Cassé par les rhumatismes, il se déplaçait avec difficulté mais ses yeux clairs gardaient toujours une lueur amusée.
Né le 11 février 1922 dans une grande famille bordelaise maurassienne, il s’engage dès l’âge de 19 ans dans le réseau Jade-Amicol, réseau de résistance du Sud-Ouest, chargé du passage des aviateurs anglais abattus vers l’Espagne.Trahi, il est arrêté le 13 juillet 1943 à Perpignan. Déporté à Buchenwald puis à Langenstein, il est libéré d’extrême justesse, inconscient et squelettique dans le baraquement des mourants, parmi les 30 survivants d’un convoi de 1 000 déportés.
A son retour en France, il choisit la Légion étrangère à sa sortie de Saint-Cyr et part en juin 1948 pour l’Indochine, «la première des guerres orphelines» où il découvre la guerre, «horreur du monde rassemblée dans un paroxysme de crasse, de sang, de larmes.» Dès lors, il sera un très brillant officier, accumulant les citations. Treize au total, dont sept pour l’Indochine, sans compter la croix de chevalier de la Légion d’honneur à 30 ans
Le jeune officier, ébloui par la beauté du pays, est affecté au poste de Talung, à la frontière de la Chine. Il reçoit au bout de 18 mois l’ordre d’évacuer, abandonnant villageois et partisans aux représailles du Vietminh, une «honte» qui ne cessera de le hanter.
«Je ne regrette rien»
Après l’amère campagne de Suez, en 1956, il débarque à Alger où il se charge des relations avec la presse. Comme une partie de l’armée, il s’inquiète du revirement du général de Gaulle en 1959, qui prône l’autodétermination, après cinq ans de guerre pour maintenir l’Algérie française. «J’étais légaliste, et nous avions bien conscience que le statut colonial avait fait son temps. Mais une partie des musulmans se battait à nos côtés et je me souvenais du Vietnam, où nous avions abandonné une population à qui nous avions promis la protection», racontait-il en 2011.
Commandant par intérim du 1er Régiment étranger de parachutistes (REP), il cède aux arguments du général Challe. Il se dit «certain qu’il ne s’agit ni d’un coup d’Etat fasciste ni d’une action à tendance raciste». Il participe à la prise d’Alger à la tête de son unité, fer de lance du putsch qui échoue. Le 1er REP est dissous et les légionnaires quittent leur camp de Zeralda en chantant «Je ne regrette rien.»

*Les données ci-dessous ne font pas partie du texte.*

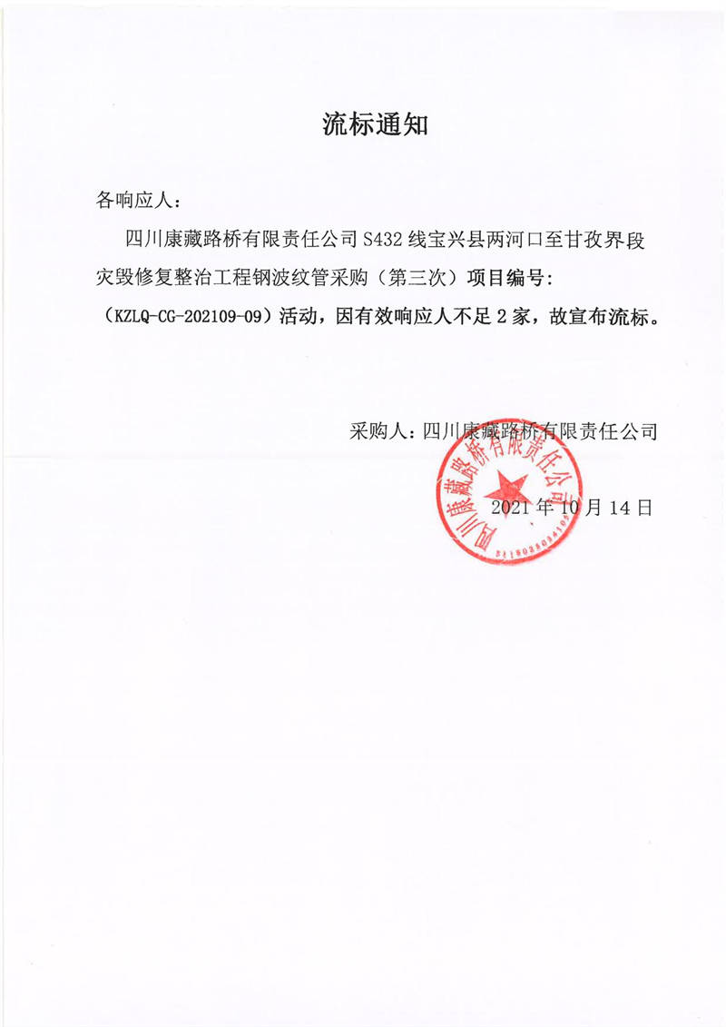 四川康藏路橋有限責任公司S432線寶興縣兩河口至甘孜界段災毀修復整治工程鋼波紋管采購(第三次)競價公告

L’officier de 39 ans, marié et père de deux petites filles, comparait en juin 1961 devant le Haut tribunal militaire en grand uniforme, décorations pendantes, coiffé de son béret vert de légionnaire. Le 5 juin, après un délibéré d’une heure, Hélie Denoix de Saint Marc est condamné à dix ans de réclusion et radié de l’ordre de la Légion d’honneur. «C’était ma deuxième détention. Sans trop savoir pourquoi, j’ai pensé à un sandwich. J’étais un homme entre deux couches de prison», raconte-t-il dans «L’aventure et l’espérance». Gracié en décembre 1966, il sort de la prison de Tulle sans maison ni métier, dans un pays qu’il reconnaît à peine.

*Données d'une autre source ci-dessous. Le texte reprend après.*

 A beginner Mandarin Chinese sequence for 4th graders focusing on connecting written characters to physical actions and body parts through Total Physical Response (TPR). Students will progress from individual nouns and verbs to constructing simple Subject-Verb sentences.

Il saisit alors la main tendue par un ancien déporté, à Lyon et entre dans une imprimerie. Réhabilité en 1978, il sort de son silence en 1995 dans ses mémoires «Les champs de la braise», écrits par Laurent Beccaria, prix Femina de l’essai. Suivront une dizaine d’ouvrages, dont «Notre histoire, 1922-1945», en collaboration avec un écrivain et ancien officier allemand, August von Kageneck.